Бабушка задумалась на минуту.
— Ну, напугали раз ребятишек. Нашу Аленку соседский кобель чуть не загрыз. Хозяин-то, Сашка, вечно пьяный — ну, и не заметил, как кобель — его Малышом звать, кобеля, а какой он Малыш! Чистый конь, — так вот, он с блокпоста сорвался. Выскочил на улицу, — это еще прошлым летом было, — и на ребятишек-то и кинулся. Я в огороде была, — слышу…
Милиционер негромко прихлопнул рукой по столу. Бабушка оборвала себя на полуслове и привскочила от неожиданности.
— Я вас про бродячих собак спрашиваю! Русским языком! А не про соседских кобелей! — рявкнул он.
— А ты тут по столу не стучи! — тоже повысила голос бабушка. — Я тебе про кобеля и говорю, а не про суку! У иного хозяина, говорю, собака хуже бродячей. И управы не найти! Участковый в тот раз приходил, и что? Бумажку написал, и ушел. А Сашка потом воду мне в огород провел, — откупился, значит… Он вообще-то, когда трезвый, золотые руки… А бродячие собаки чего? Идите вон к остановке — увидите. Они на люках теплотрассы греются. И кормежка у них там — из магазинов выбрасывают просроченную колбасу, если дурака купить не найдут…
— В общем, так, — сказал милиционер официальным голосом и поднялся во весь свой немалый рост — шапкой за лампочку зацепился, — У вас собака есть?
— Была. Надысь в деревню отвезли, тоже конь был, весь палисад засрал…

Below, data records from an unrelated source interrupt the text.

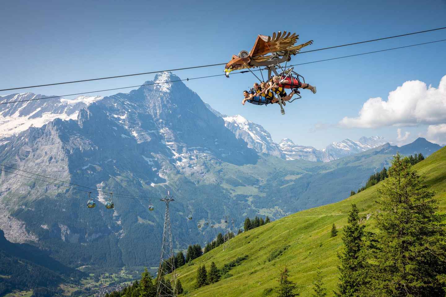 At the summit, immerse yourself in an alpine paradise. Brave the thrilling Cliff Walk, a sky-high path with a one-rope suspension bridge offering an adrenaline rush and sweeping views. For extra excitement, you can book adventurous activities like ziplining, trottibiking, or the First Glider on site.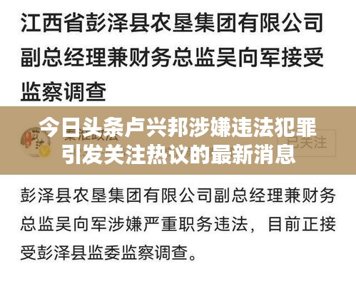 关于卢兴邦的消息在今日头条等社交媒体上引起了广泛关注,据悉,卢兴邦因涉嫌违法犯罪问题而备受瞩目,本文将围绕此事件展开,介绍卢兴邦的最新消息及相关背景信息。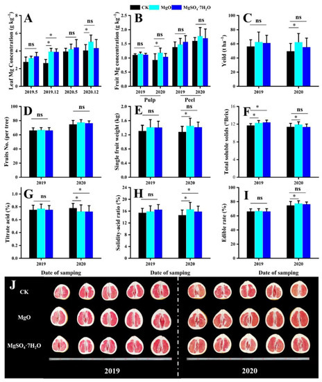 Effects of different Mg fertilizers on various pomelo plant indexes; (A) leaf-Mg contents; (B) pulp and peel Mg contents; (C) pomelo yield; (D) number of fruits per plant; (E) single fruit weight; (F) total soluble solids; (G) titratable acid; (H) solidity-acid ratio; (I) edible rate; (J) slitting-cut fruit diameters. * shows significant differences among different Mg fertilizers with a Duncan test (p < 0.05), while ns represents non-significant differences.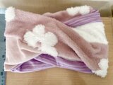 ふわふわフラワーピンク&パープルハンドメイドネックウォーマー寒さ対策に最適です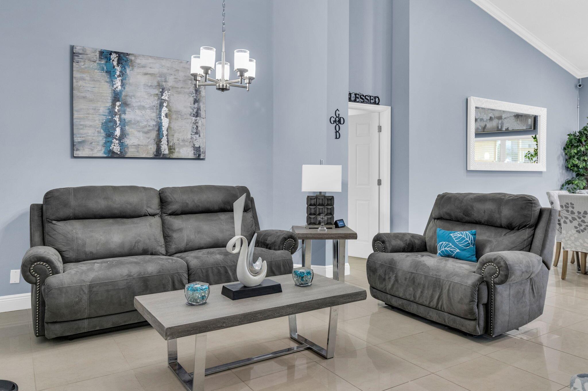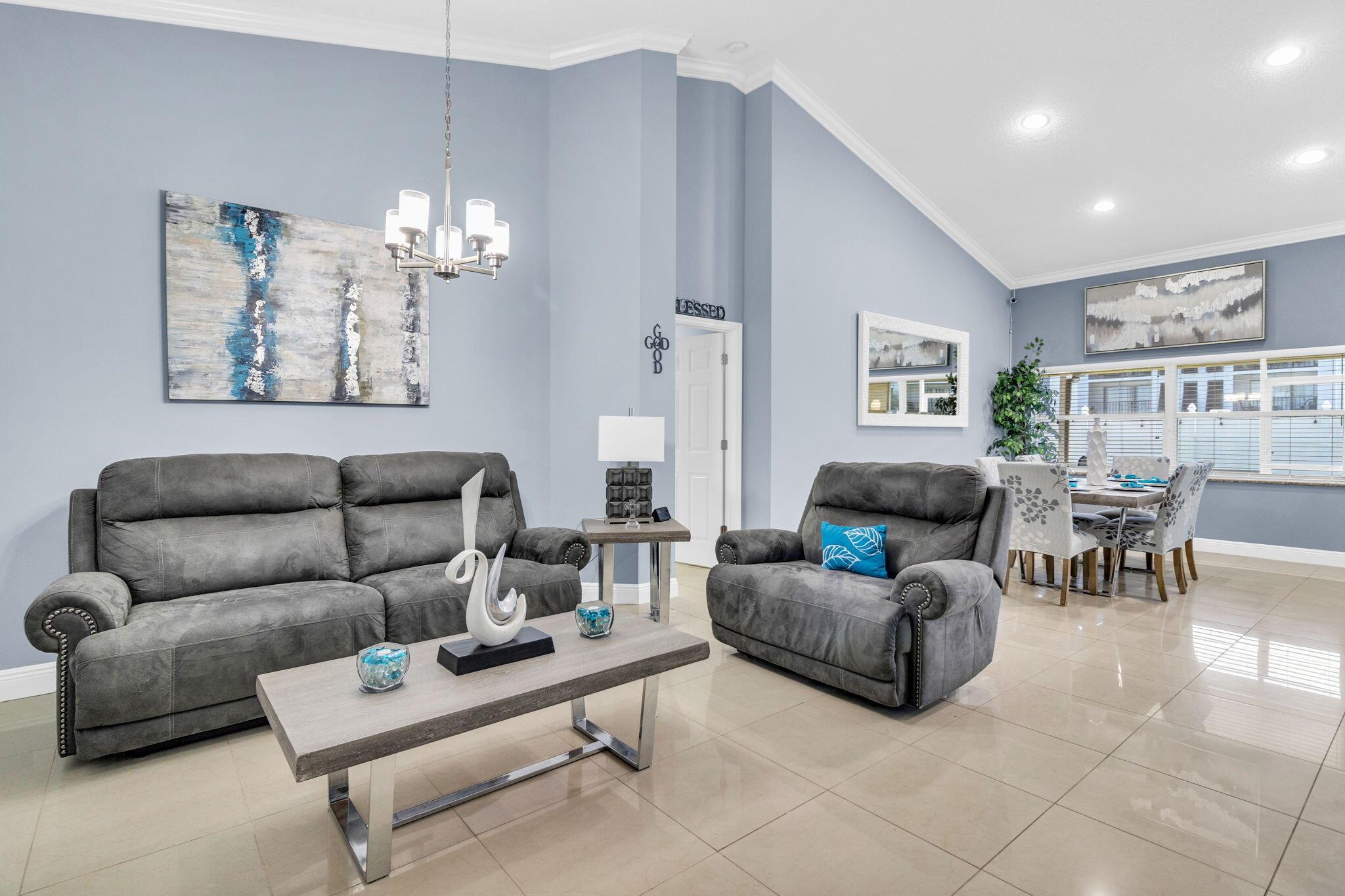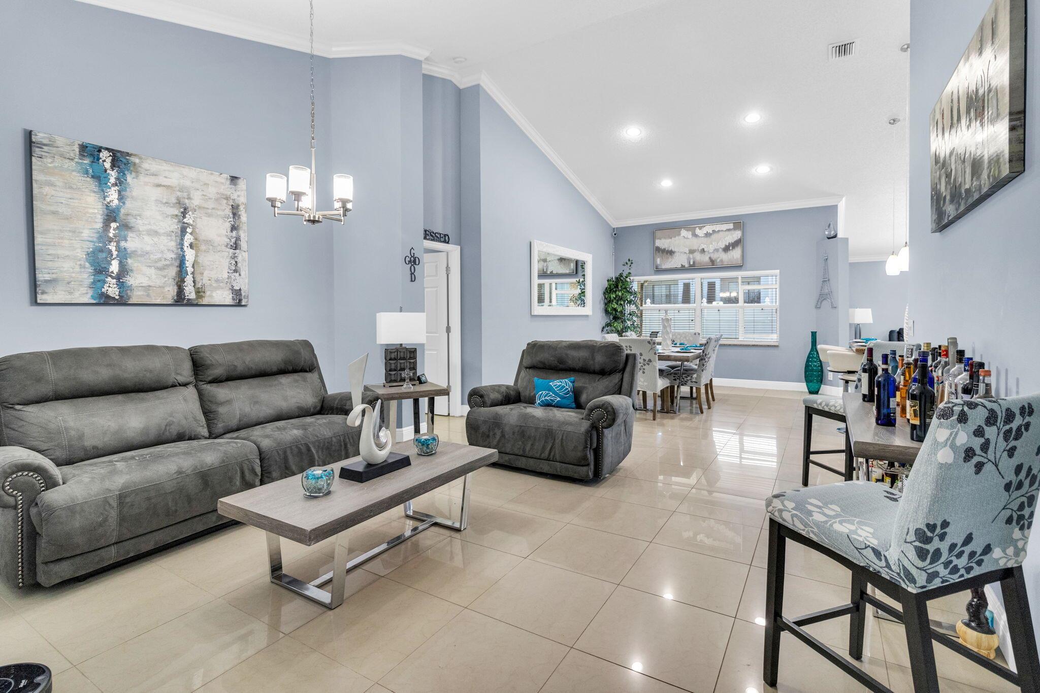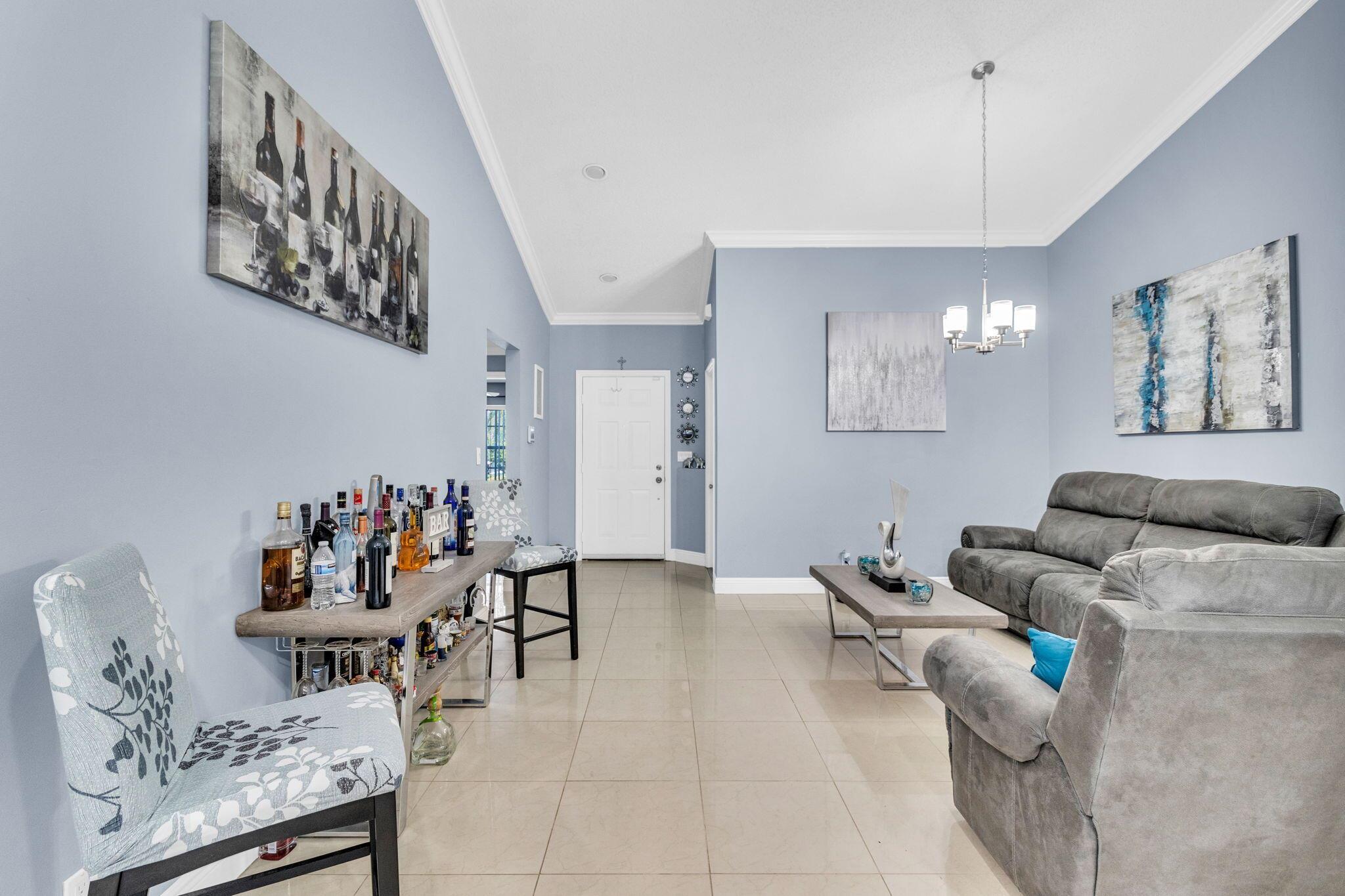 Welcome home! Enjoy this 3-bedroom, 2-bathroom, 2-car garage home, this gem nestled in the heart of Royal Palm Beach. Enjoy the inviting charming crown molding that is complemented by high-hat lighting. Open floor plan kitchen was renovated 3 years ago. Kitchen cabinets with 2 lazy Susan for extra organization. Granite countertops, porcelain tile throughout. Screened in patio with pavers perfect for enjoying you’re morning coffee. Exterior is surrounded by luscious green grass. Solar panels that provide a electric bill of $15-$20. Roof replaced in 2021, AC replaced in 2017, new water heater, new PVC white fence. Hurricane shutters for storm protection. Epoxy garage floor. Storage shed. The driveway has been extended with pavers. Window treatments will convey. Furniture is negotiable.

— Значит, сейчас у вас собаки нет. — Милиционер длинно вздохнул и сделал крыжик в блокноте. Ему давно уже хотелось курить и материться. — Значит, так. Скажите всем соседям, — если мы кого дома не застанем, — чтоб завтра, с девяти утра, все домашние животные… то есть, собаки, ну, хозяйские псы, — на цепях сидели, или под запором. Я понятно говорю?
— А чего ж непонятного? Я же не совсем еще дура, — поджала баба губы; она была росточком ниже милиционерского жетона. — Так всем и скажу — чтоб с утра всех собак привязали…
И вдруг насторожилась:
— А что? Бродячих ловить будете?
— Будем! — кратко сказал милиционер. Оторвал шапку от абажура — столетнего, со стеклянными висюльками, — нахлобучил её на круглую голову, крякнул и вышел, громко хлопнув дверью.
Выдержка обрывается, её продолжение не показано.